“We want to lead the new telecommunications disruption”



Telefónica is counting the days to reveal its new direction to the market. The Spanish telecommunications group will present its new strategic plan on November 4, the foundations of which will be based on profitable mergers, the simplification of the company and cybersecurity. All of this, as its president Marc Murtra announced this Monday, will meet the objective of “lead the strong disruption of the telecommunications sector”.

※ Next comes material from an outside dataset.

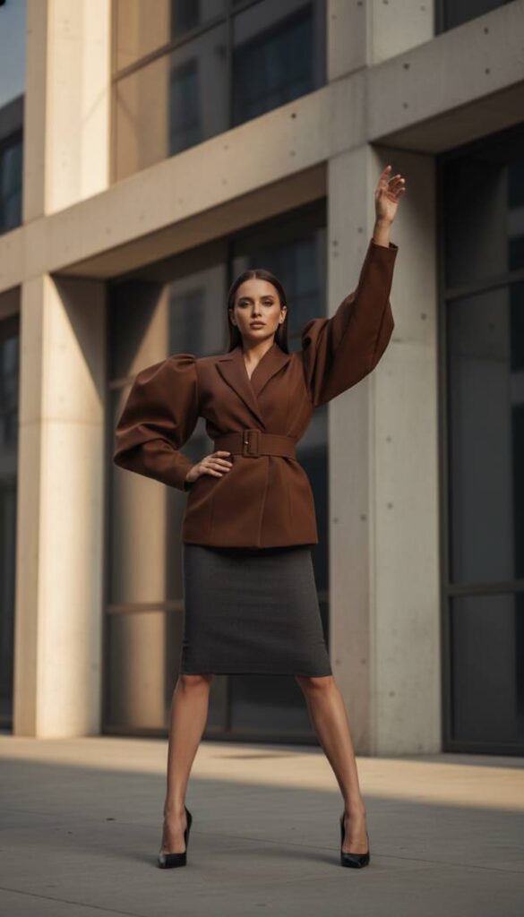 Command attention with a brown structured jacket featuring exaggerated, voluminous sleeves, a key silhouette for 2026. This dramatic detail transforms a classic piece into a true fashion statement. Pair this striking jacket with a sleek, slim fit pencil skirt in a neutral tone like black or cream, allowing the sleeves to be the focal point. A high neck top in a complementary color beneath ensures a streamlined base. Complete the ensemble with elegant pointed toe pumps and minimal jewelry, letting the jacket speak for itself. This outfit is perfect for fashion week events or any occasion where a powerful, avant garde presence is desired.

“We see that there is going to be a disruption in the telecommunications market. It is difficult to know exactly when it is going to happen, because it depends on many actors. But to lead a disruption we must have a strategic framework for understanding where we are and where technologies are taking us. a plan To take advantage of this strategic framework, a team to execute that plan that operates within that strategic framework, and a follow-up“If you allow me, very clear about the execution, because if all of this does not execute the results, it is of no use, it does not work,” Murtra defended during his speech at the XXVIII National Congress of Family Business.

With the same tone that he has been using in his interventions as president of ‘teleco’, Murtra has called for European consolidation to narrow the competitive gap with the rest of the world powers. “It so happens that In China, India and the United States there are three telecommunications companies per country, while in Europe there are 38. That means that European companies invest an average of 700 million euros in technology and in the US they invest more than 20,000 million.”

For the manager, Europe is experiencing a ‘Sputnik moment’ – in reference to the first artificial satellite that marked the beginning of the Cold War space race. “We realize that we have lost the development of great technologies of the last 20 years, “which are mainly digital technologies” he pointed out before emphasizing the regulatory problems he detects in the Old Continent. “On the one hand, we see excess regulation and on the other, we see it asymmetrical: European technology companies are subject to regulation to operate in Europe, but American or Chinese companies that operate here are not subject to those regulations,” he lamented.